El asambleísta precisó que en el Gobierno hay personas, entre ellas el vicepresidente Jorge Glas, a las que les ha tocado defender, por su rol y por convicciones personales y políticas, una determinada posición. “De una u otra manera no va a tener un comportamiento distinto. Creo que también hay que tener madurez para entender eso”.

“Cuando me han preguntado sobre la posición del Presidente Moreno en algunos temas y la posición del expresidente Correa, yo he dicho que tampoco es tan antinatura que un presidente recién electo quiera abrir espacios de legitimidad, incluso en el sector que no votó por él. Y que un expresidente defienda su gestión como exitosa. No creo que sea antinatura los dos temas”, aseveró.

Y afirmó que con aquello, PAIS y su militancia también está poniendo a prueba su madurez política para encontrar puntos de diferencias naturales que puedan existir, pero que no pongan en riesgo la unidad del proyecto político. Por eso, dijo, apostará y trabajará para que los sectores políticos, gremiales y sindicales respondan con la misma generosidad con la que está haciendo el llamado al diálogo el Primer Mandatario.
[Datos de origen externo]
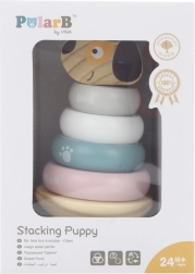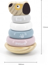 Cette pyramide à empiler au motif de petit chien apporte aux enfants la joie de la découverte et de l’apprentissage. Les pièces en bois lisses aux douces couleurs pastel se tiennent facilement même par de petites mains, et l’empilement des anneaux sur la tige favorise la concentration, la patience et la représentation spatiale. Une base stable assure un jeu en sécurité, et la mignonne tête de chien motive à recommencer encore et encore.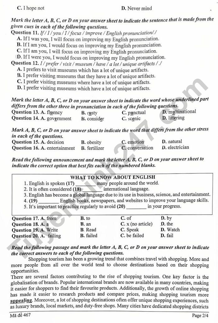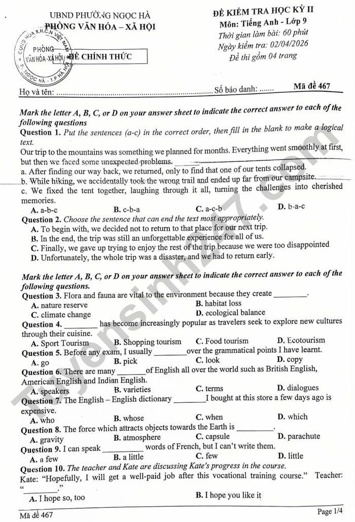 Đề thi học kì 2 môn Anh lớp 9 phường Ngọc Hà 2026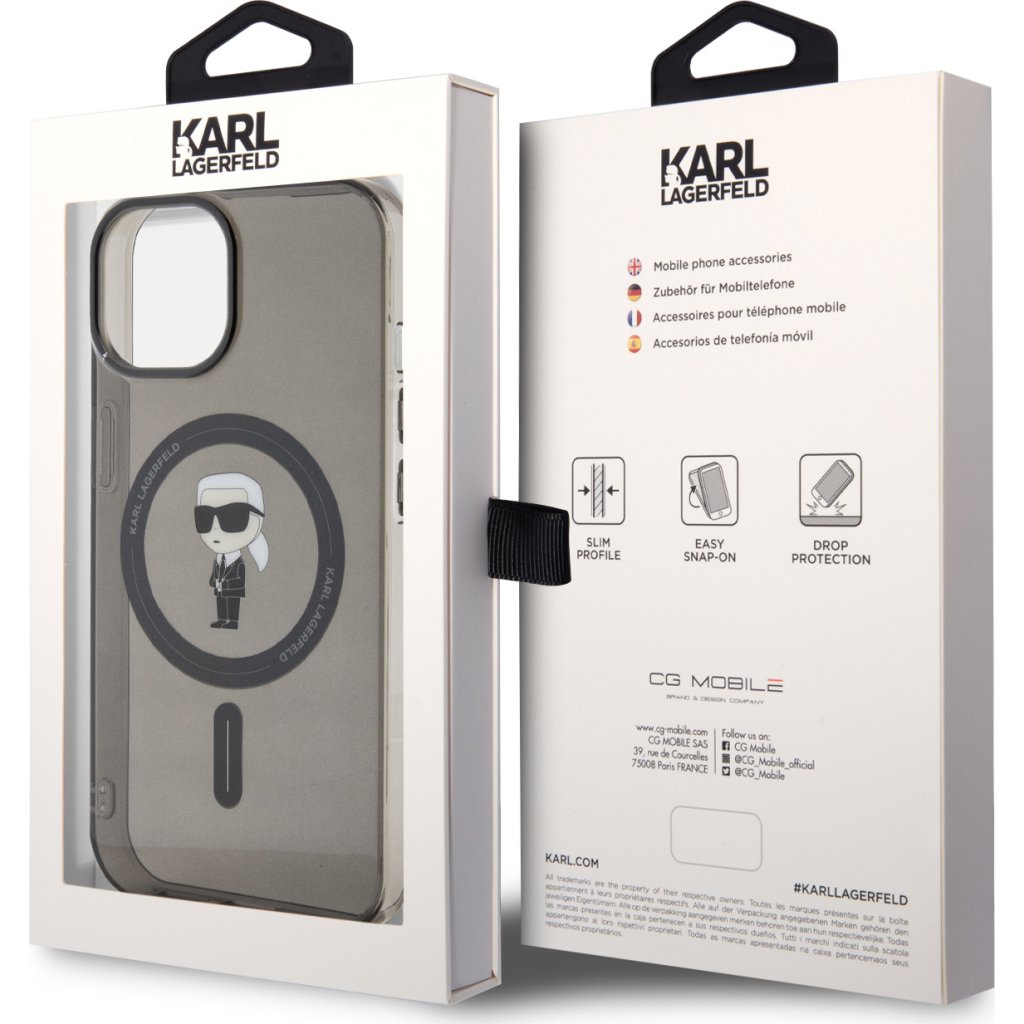 Ochranný kryt na iPhone 15 - Karl Lagerfeld, IML Ikonik MagSafe Black

“Por ejemplo, ¿qué tipo de madurez política hay de algunos actores que hoy sí se muestran completamente democráticos y dialogadores, cuando estaban desconociendo los resultados electorales? La ciudadanía debe revisar el informe definitivo de la OEA sobre las elecciones en el país. Fue contundente e, incluso, duro y fuerte con los sectores que quisieron aprovecharse del momento sembrando dudas de la legitimidad sobre el proceso democrático”, manifestó.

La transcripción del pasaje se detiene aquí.